(Excerpts from a dataset)
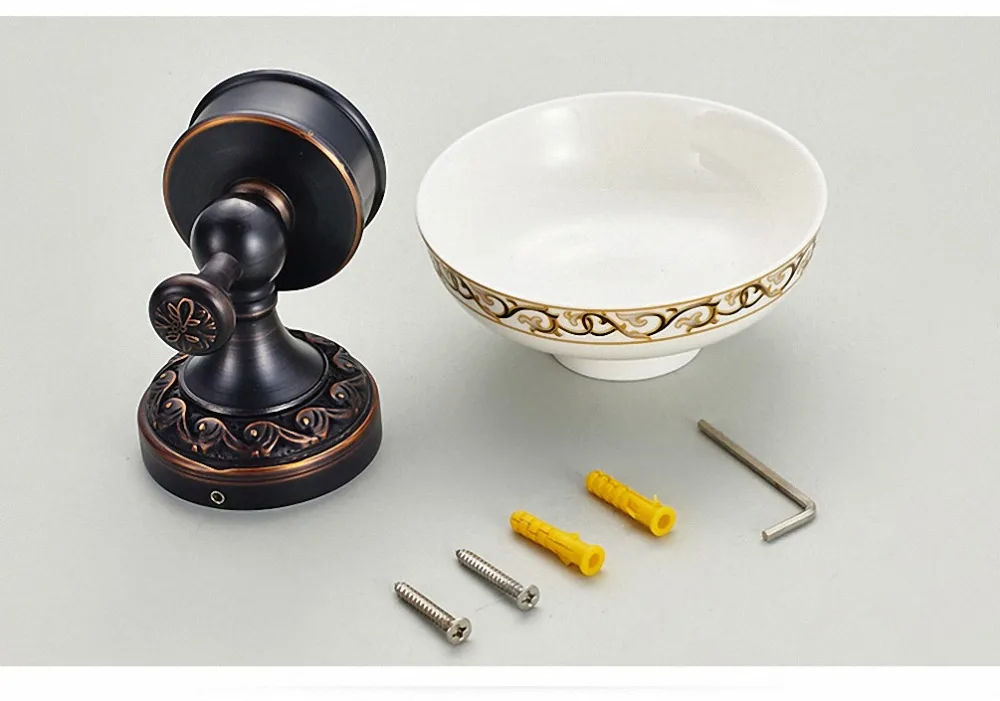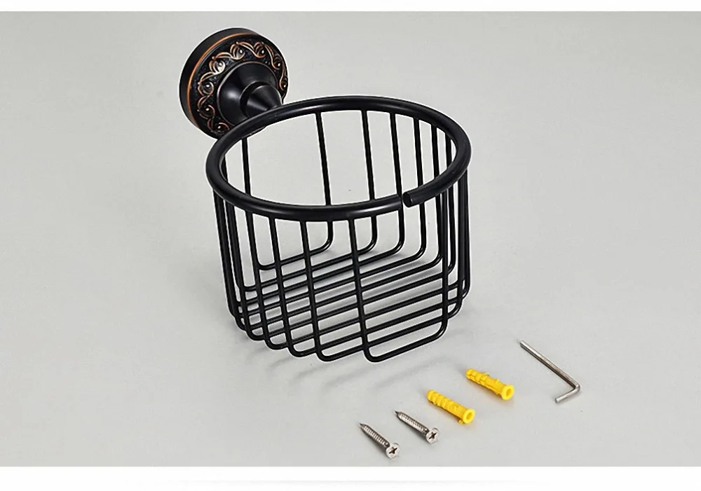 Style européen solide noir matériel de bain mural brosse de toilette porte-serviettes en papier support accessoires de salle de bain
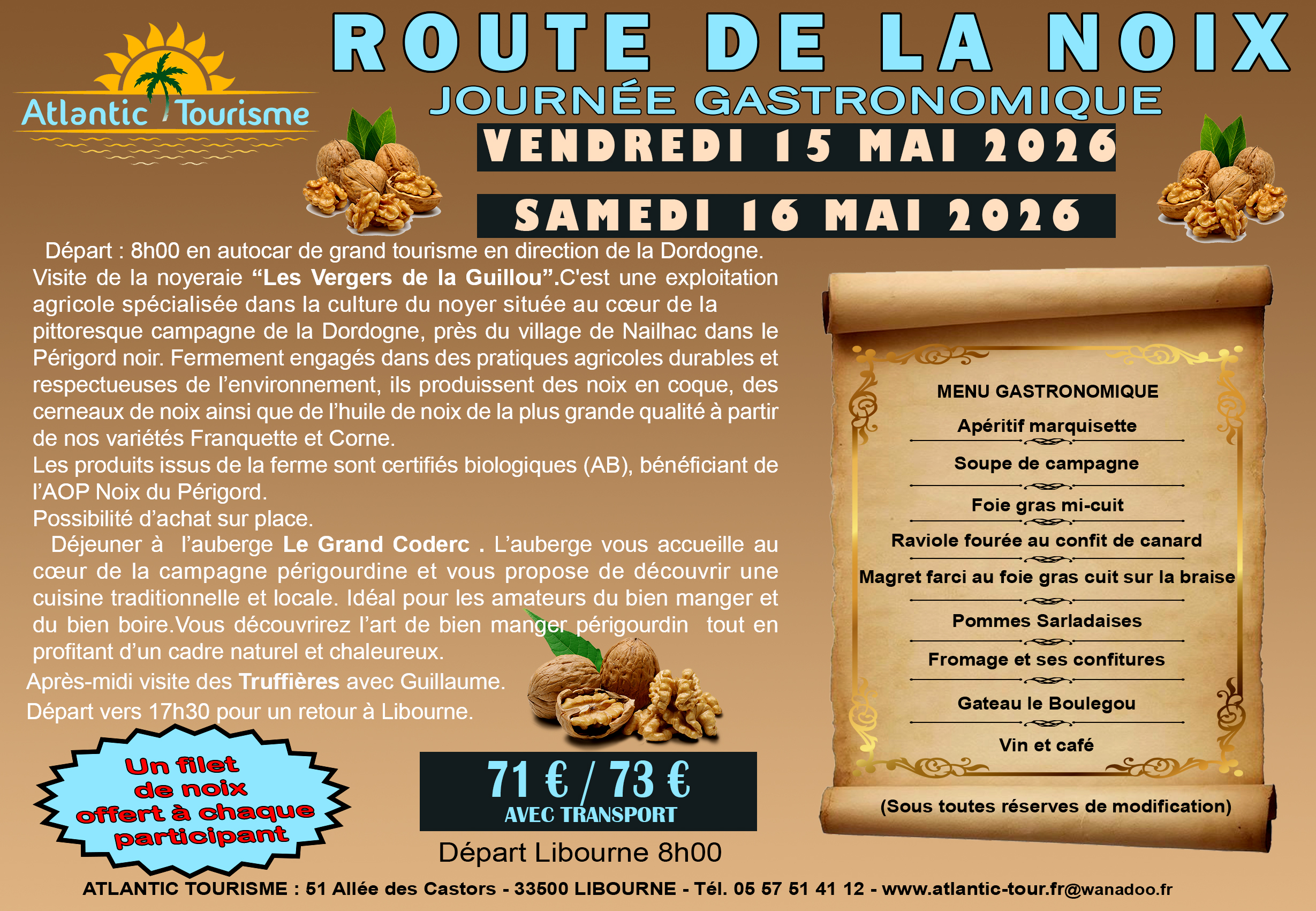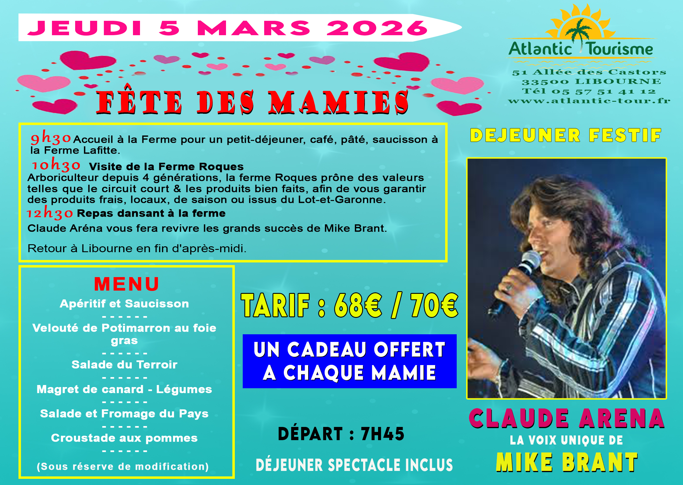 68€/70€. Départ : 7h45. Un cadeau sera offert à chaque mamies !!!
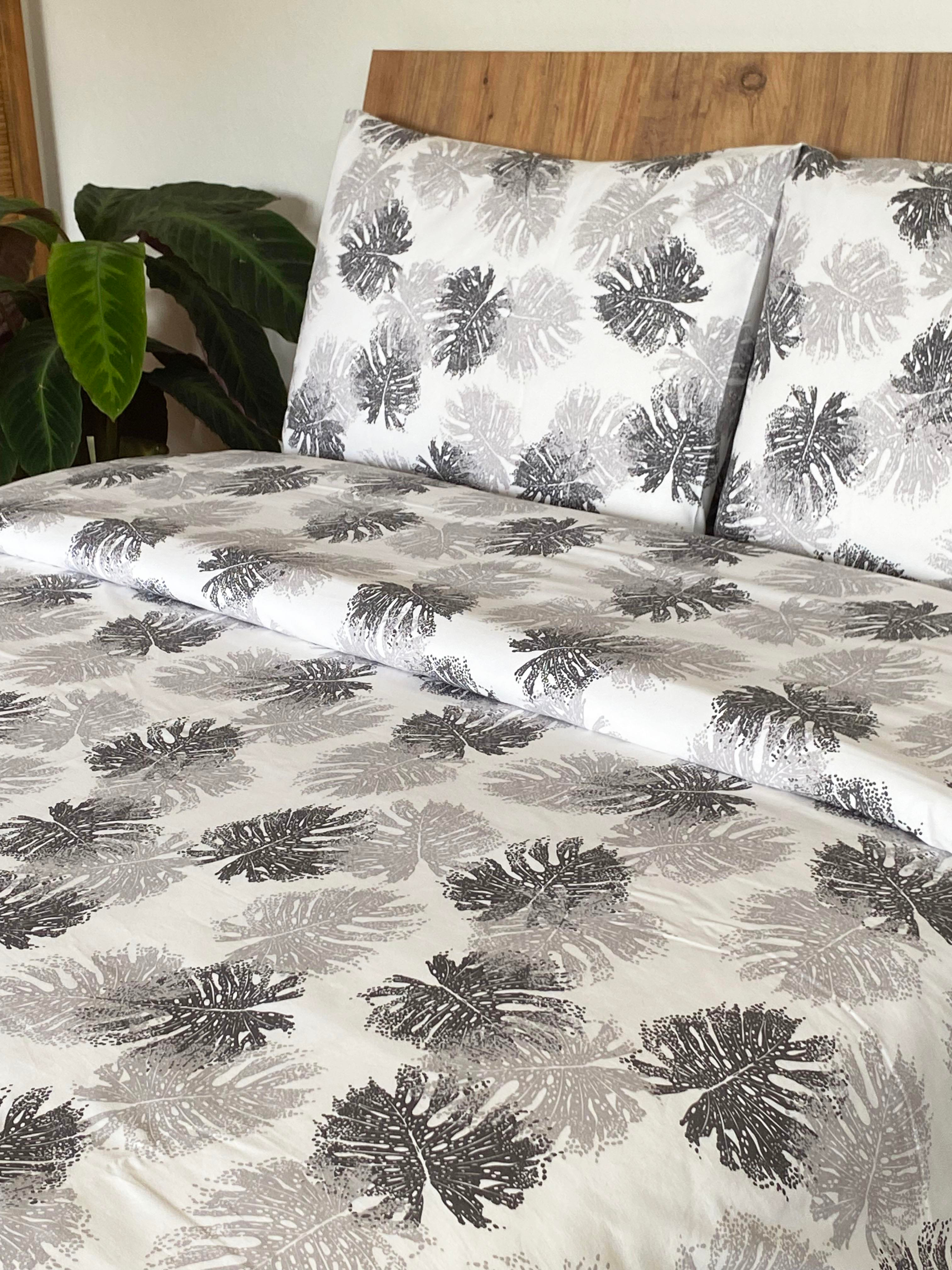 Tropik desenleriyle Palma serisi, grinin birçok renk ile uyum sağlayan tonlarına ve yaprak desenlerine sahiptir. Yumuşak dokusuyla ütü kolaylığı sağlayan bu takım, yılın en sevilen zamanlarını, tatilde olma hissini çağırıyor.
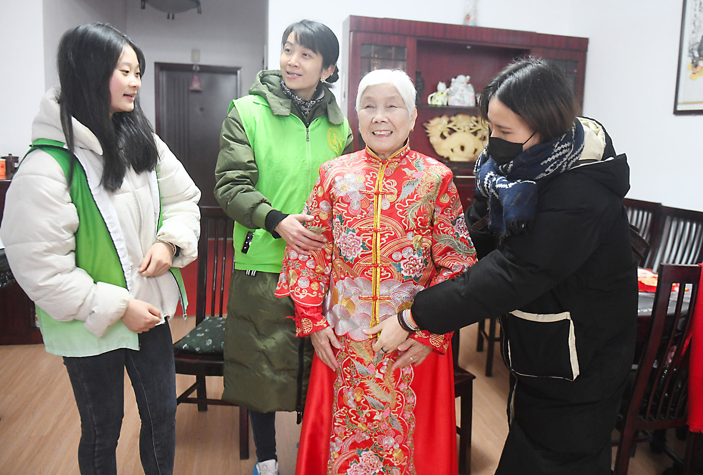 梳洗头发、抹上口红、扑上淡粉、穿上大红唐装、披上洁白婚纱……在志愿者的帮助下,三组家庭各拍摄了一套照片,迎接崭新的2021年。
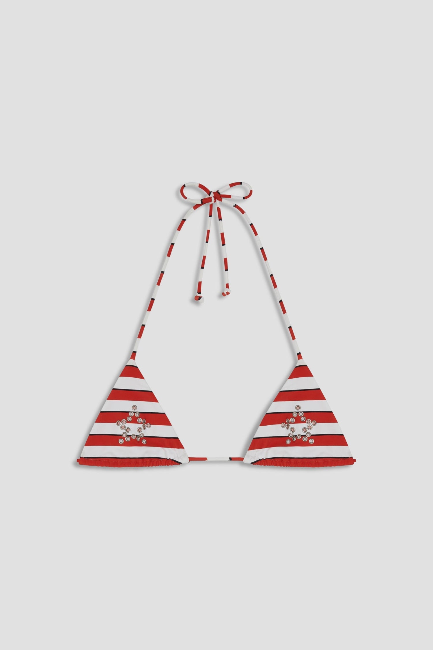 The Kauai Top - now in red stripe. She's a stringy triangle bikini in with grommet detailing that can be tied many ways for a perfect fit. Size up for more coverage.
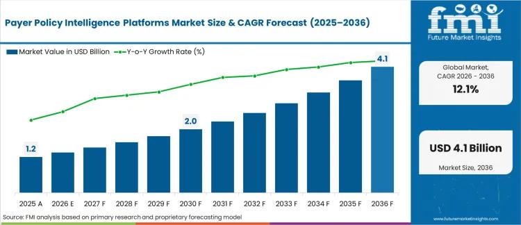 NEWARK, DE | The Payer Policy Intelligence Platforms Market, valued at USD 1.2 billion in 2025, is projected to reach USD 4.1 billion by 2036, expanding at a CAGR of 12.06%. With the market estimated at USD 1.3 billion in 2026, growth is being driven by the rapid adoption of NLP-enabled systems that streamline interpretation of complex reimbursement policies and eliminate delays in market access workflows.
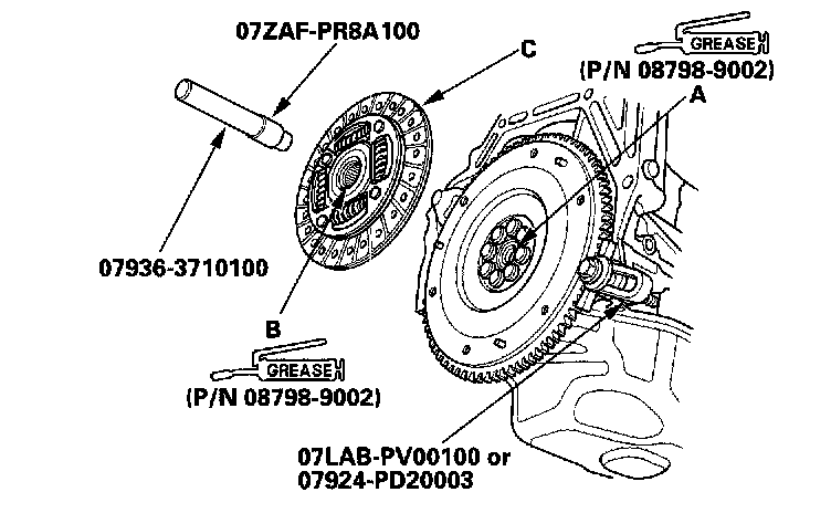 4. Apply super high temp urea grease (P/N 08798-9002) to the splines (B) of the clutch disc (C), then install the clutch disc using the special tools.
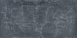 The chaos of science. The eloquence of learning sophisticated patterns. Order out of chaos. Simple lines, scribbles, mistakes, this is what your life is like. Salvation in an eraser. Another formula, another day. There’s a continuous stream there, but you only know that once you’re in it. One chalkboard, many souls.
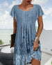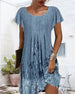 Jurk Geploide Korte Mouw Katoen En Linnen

=== The task ===
Repeat the data exactly, dropping every picture it holds.

=== Task answer ===
 Style européen solide noir matériel de bain mural brosse de toilette porte-serviettes en papier support accessoires de salle de bain
 68€/70€. Départ : 7h45. Un cadeau sera offert à chaque mamies !!!
 Tropik desenleriyle Palma serisi, grinin birçok renk ile uyum sağlayan tonlarına ve yaprak desenlerine sahiptir. Yumuşak dokusuyla ütü kolaylığı sağlayan bu takım, yılın en sevilen zamanlarını, tatilde olma hissini çağırıyor.
 梳洗头发、抹上口红、扑上淡粉、穿上大红唐装、披上洁白婚纱……在志愿者的帮助下,三组家庭各拍摄了一套照片,迎接崭新的2021年。
 The Kauai Top - now in red stripe. She's a stringy triangle bikini in with grommet detailing that can be tied many ways for a perfect fit. Size up for more coverage.
 NEWARK, DE | The Payer Policy Intelligence Platforms Market, valued at USD 1.2 billion in 2025, is projected to reach USD 4.1 billion by 2036, expanding at a CAGR of 12.06%. With the market estimated at USD 1.3 billion in 2026, growth is being driven by the rapid adoption of NLP-enabled systems that streamline interpretation of complex reimbursement policies and eliminate delays in market access workflows.
 4. Apply super high temp urea grease (P/N 08798-9002) to the splines (B) of the clutch disc (C), then install the clutch disc using the special tools.
 The chaos of science. The eloquence of learning sophisticated patterns. Order out of chaos. Simple lines, scribbles, mistakes, this is what your life is like. Salvation in an eraser. Another formula, another day. There’s a continuous stream there, but you only know that once you’re in it. One chalkboard, many souls.
 Jurk Geploide Korte Mouw Katoen En Linnen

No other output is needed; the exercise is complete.